Ingredients

  • 1 cup fresh or frozen blueberries
  • 1/2 cup chopped fresh or frozen cranberries
  • 1 cup sugar, divided
  • 1 package (8 ounces) cream cheese, softened
  • 2 eggs
  • 1 teaspoon vanilla extract
  • 1 cup all-purpose flour
  • 1 teaspoon baking soda
  • 1/2 teaspoon salt
  • 1/4 teaspoon ground nutmeg
  • 1/4 cup finely chopped walnuts
  • 1/4 cup sweetened shredded coconut
  • 2 tablespoons brown sugar
  • 1/4 teaspoon ground cinnamon

Method

  • In a large bowl, combine the blueberries, cranberries and 1/4 cup sugar; set aside. In a large bowl, beat cream cheese and remaining sugar until smooth. Add eggs, one at a time, beating well after each addition.

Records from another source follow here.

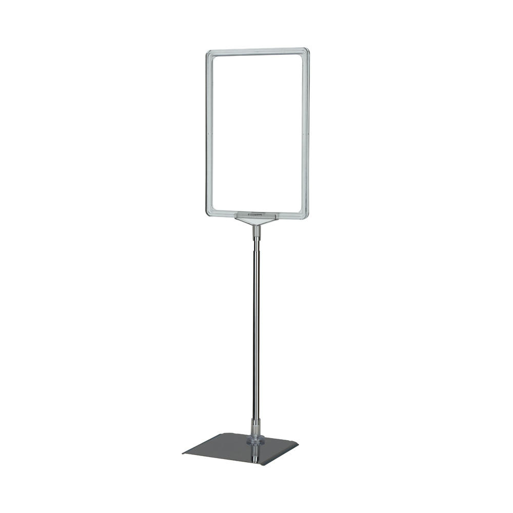 Fot i rustfritt stål, teleskopstang i kromet metall, ramme i plast. Rammen leveres i transparent, hvit, grå, sort, gul, oransje, blå og rød – til plakatformatene A3, A4, A5.
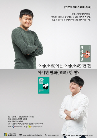 이에 교하도서관은 강사료를 지원받아 오는 22일 저녁 ‘소설에는 소설한편? 아님, 만화한편?’이라는 주제로 특별강연을 진행할 예정이다.
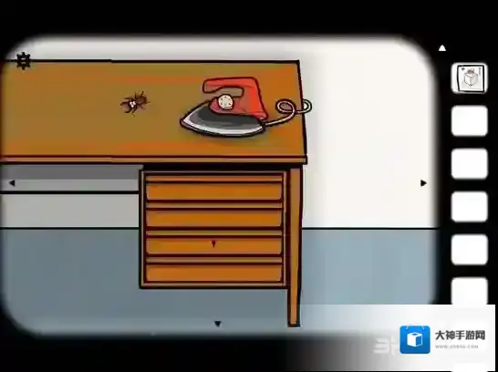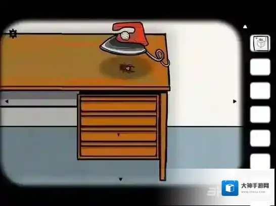 残忍的一幕要来了,点桌子切换到熨斗场景,点熨斗抬起,在点击小虫让它走过去……
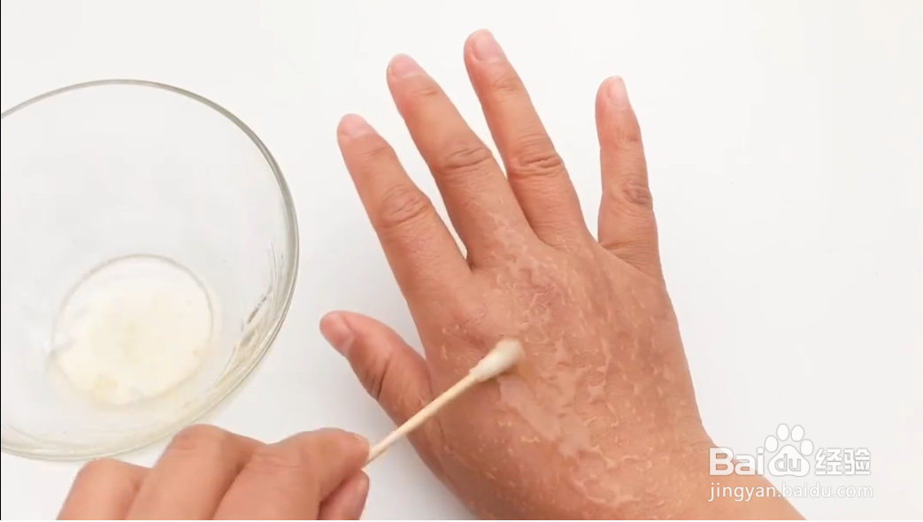 对于皮肤经常性发生干裂我们可以利用红霉素软膏来化解它。首先我们在碗中挤入红霉素软膏。
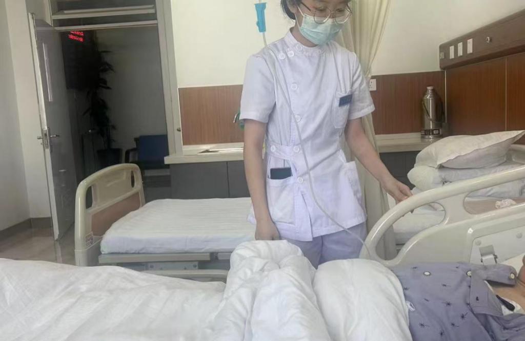 另外,骨科实习的同学则在带教老师的帮助下围绕换药和康复训练展开教学。管凤明同学参与骨折术后、关节置换患者护理,学伤口换药防感染,协助做关节屈伸训练。张嘉颖同学学会如何护理创伤和换药,给脊柱骨折患者翻身,协助肌力训练。
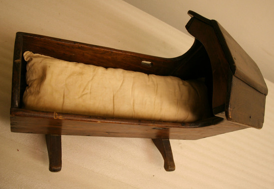 Doll's wooden cradle. All wood held together with iron nails. Hood above top of cradle. Two rockers - one at each end that extends past width of body of cradle. Two small round handles on either side of cradle. Cotton mattress inside cradle - handsewn, stuffed with cotton batting
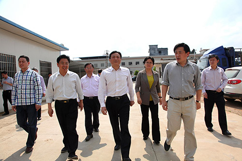 2013年4月19日,市委副書記、代市長嚴(yán)志輝(中)在縣領(lǐng)導(dǎo)的陪同下到公司調(diào)研視察
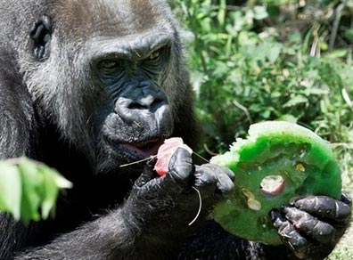 5月8日,美国达拉斯沃思堡动物园的工作人员为目前在世的世界上年龄最大的猩猩庆祝55岁生日。工作人员将一块四层的冰冻水果蛋糕和香蕉叶包裹的甜点作为生日礼物送给这位“老寿星”。
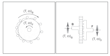 Если задана явная схема модели, то блок имеет один механический ненаправленный порт вращательного движения B (ведущий вал). В противном случае добавляется еще один механический ненаправленный порт вращательного движения F (ведомый вал). Если задана явная схема модели, то блок имеет один механический ненаправленный порт вращательного движения F (ведомый вал). В любом случае блок имеет один математический порт, на который поступает значение потерь мощности.

Beat in vanilla. Combine the flour, baking soda, salt and nutmeg; add to the creamed mixture. Fold in the berry mixture.
  • Fill greased or paper-lined muffin cups two-thirds full. Combine topping ingredients; sprinkle over batter. Bake at 400° for 18-20 minutes or until a toothpick comes out clean. Cool for 5 minutes before removing to a wire rack. Serve warm.